In 2015 the Pitcha Makin Fellas utilised Arts Law’s pro bono service through AITB in a case against an incredibly high-profile Australian sporting organisation. The organisation had commissioned PMF to create a work which would appear nationwide in media releases, including a two-hour prime-time television slot. The organisation expected to use and receive these commissioned works without financial compensation to PMF, and further refused to credit the Aboriginal creative collective in any media release or platforming.  

I believe that non-Aboriginal inhabitants of this country sit on an unpayable debt owed to our traditional owners, our first people. As is the nature of debt, the people who are keenly and consistently aware of the owing are those awaiting it.
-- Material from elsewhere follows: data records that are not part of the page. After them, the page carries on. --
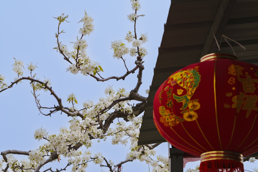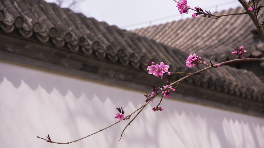 一枝独秀映黛瓦,团河行宫绽春枝。(摄影:刘瑞春)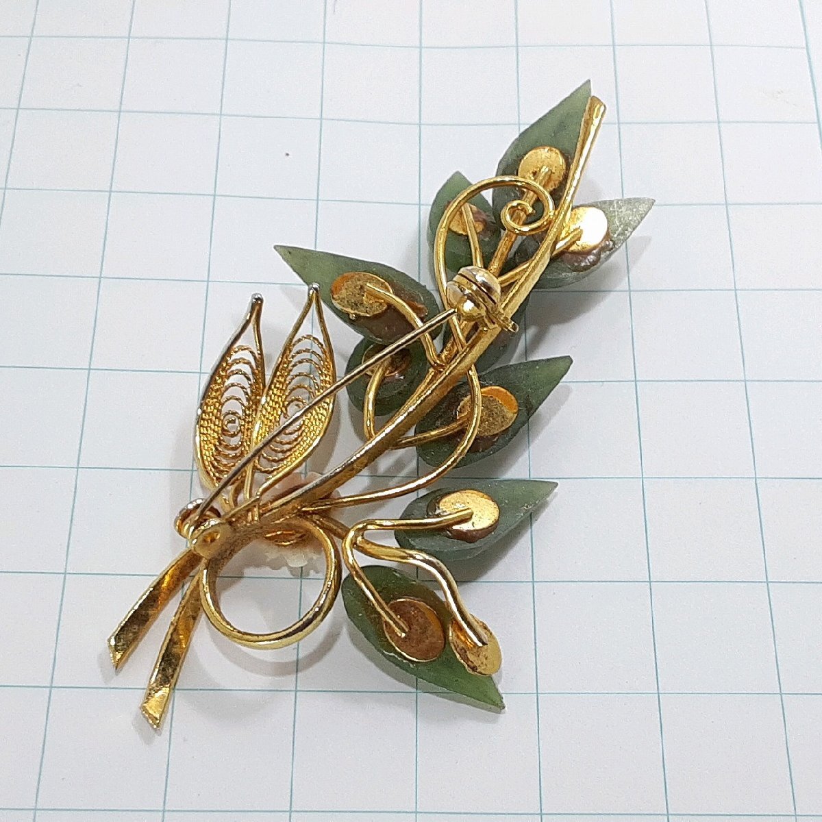 送料無料)ビンテージ☆笹モチーフ☆アンティーク ブローチ A31823
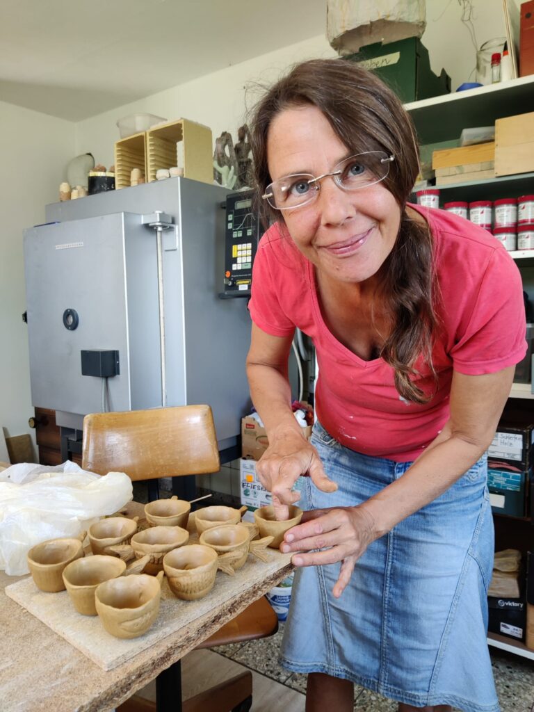 Die Künstlerei befindet sich im schönen Ostallgäu. Dort gibt es regelmäßig Kurse in Töpfern, Malen und Goldschmieden.

Those who owe often need reminding, and the ‘reminding’ is typically a nasty business, particularly when the debt should never have existed. Indigenous belief systems are founded upon moiety, or duality. Reciprocal relationships with the land, plants, animals, and people have guided our cultural labour for more than 65,000 years. Tyson Yunkaporta states via Sand Talks:  

In our world nothing can be known or even exist unless it is in relation to other things. Most importantly, those things that are connected are less important than the forces of connection between them. We exist to form these relationships, which make up the energy that holds creation together. 
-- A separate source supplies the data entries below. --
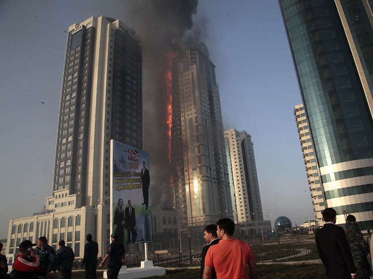 03.04.2013, 19:33 UhrAus Dutzenden Stockwerken eines neu gebauten Wohnhauses im russischen Grosny schlagen Flammen. Das Gebäude ist so neu, dass bislang nur wenige Wohnungen bezogen sind. Auch Gérard Depardieu besitzt einige Zimmer.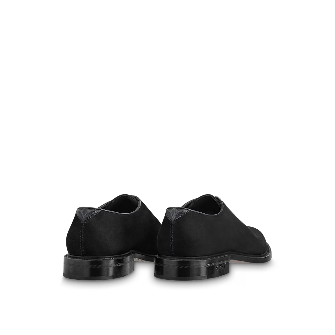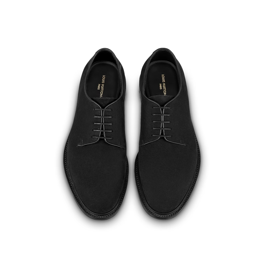 LV Flex derby offers an innovative twist on a classic style with its Goodyear Flex construction, which integrates a cork filling into a traditional construction to provide the comfort of a sneaker. The upper is crafted from velvety nubuck calf leather, trimmed at the back with Monogram canvas. Three Monogram Flowers decorate the heel.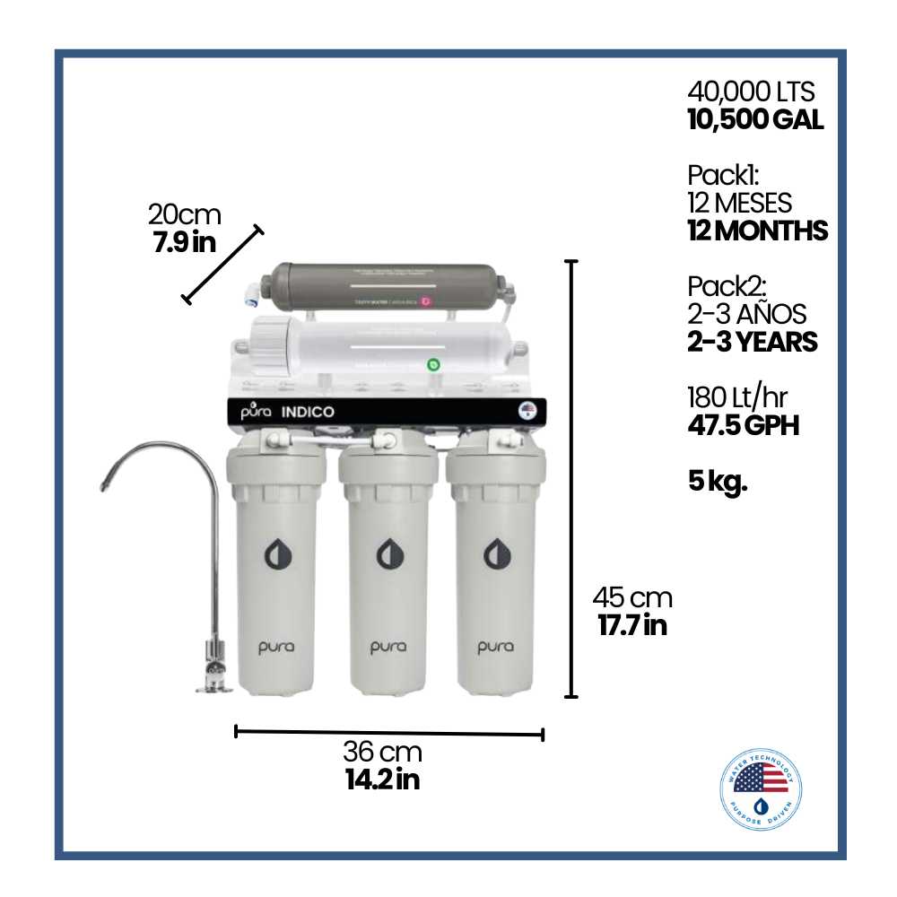 El Purificador de Agua PURA Indico es un avanzado sistema de purificación de agua en 5 etapas, diseñado para ofrecer agua pura y saludable tanto en hogares como en entornos gastronómicos. Asegura no solo agua limpia y segura para toda la familia sino que rica y con minerales que nuestro cuerpo necesita.

When these belief systems are disrupted or disrespected, the connection is soured and spoiled. When the aforementioned sporting organisation failed to establish and acknowledge a respectful and reciprocal relationship with PMF, a trauma response was triggered within the members.  
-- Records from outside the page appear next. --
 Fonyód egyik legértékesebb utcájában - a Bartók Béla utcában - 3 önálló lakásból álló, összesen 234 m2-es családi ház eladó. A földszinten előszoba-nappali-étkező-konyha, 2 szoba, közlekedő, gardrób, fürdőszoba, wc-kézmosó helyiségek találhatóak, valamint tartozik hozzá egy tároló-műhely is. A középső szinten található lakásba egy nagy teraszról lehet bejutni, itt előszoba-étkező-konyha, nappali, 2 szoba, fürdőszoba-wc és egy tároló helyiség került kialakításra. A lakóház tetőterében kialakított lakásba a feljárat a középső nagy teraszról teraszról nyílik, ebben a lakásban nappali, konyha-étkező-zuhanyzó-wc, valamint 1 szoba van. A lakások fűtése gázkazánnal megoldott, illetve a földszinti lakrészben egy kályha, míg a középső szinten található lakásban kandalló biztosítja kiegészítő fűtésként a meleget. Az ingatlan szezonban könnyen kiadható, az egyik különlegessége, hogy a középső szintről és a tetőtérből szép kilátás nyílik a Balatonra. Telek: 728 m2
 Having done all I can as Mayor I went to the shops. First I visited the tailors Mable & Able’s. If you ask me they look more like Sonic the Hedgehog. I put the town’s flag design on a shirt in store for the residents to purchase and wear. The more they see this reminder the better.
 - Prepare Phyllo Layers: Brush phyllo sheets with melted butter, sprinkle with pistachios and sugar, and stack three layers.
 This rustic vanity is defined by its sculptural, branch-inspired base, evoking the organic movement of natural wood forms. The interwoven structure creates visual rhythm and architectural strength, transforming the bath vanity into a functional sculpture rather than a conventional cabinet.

The Pitcha Makin Fellas spoke in length about the lasting effect these negative interactions have on them as creative and cultural practitioners. Through a pro bono lawyer at Allens, Arts Law was able to work with PMF and successfully arranged remuneration. However, cases such as these are traumatic events for mob. PMF’s main concerns moving forward revolve around trust, and guaranteed respect. Whilst this speaks more to moral fibre than anything to do with legality, conversations around ICIP legislations and cultural property inspire hope. Most artists are unaware that their creative labour can and should be delivered with a contract and list of terms for future use; beginning these conversations before any agreement is made is a necessity. De-westernised forms of education surrounding Indigenous rights and property incite conversations and alter the dialogue surrounding repatriation.  

As the south-eastern outreach for the Artists in the Black program, my conversations with PMF scaffold my future objectives in this role. The lasting effects these cases have on Aboriginal artists are concerning and looming, which is why outreach officer roles like mine, and the role of the AITB Coordinator, Jo-Anne Driessens, are incredibly important, alongside AITB paralegal Cassia Bray. Our positions are designed to breach the uncomfortable, often traumatic gap between our community and the justice system. Continued connection post legal advice is imperative – as mentioned before, the connection is more important than those connected. To sustain the work we do under Artists in The Black, we must continue community support and involvement.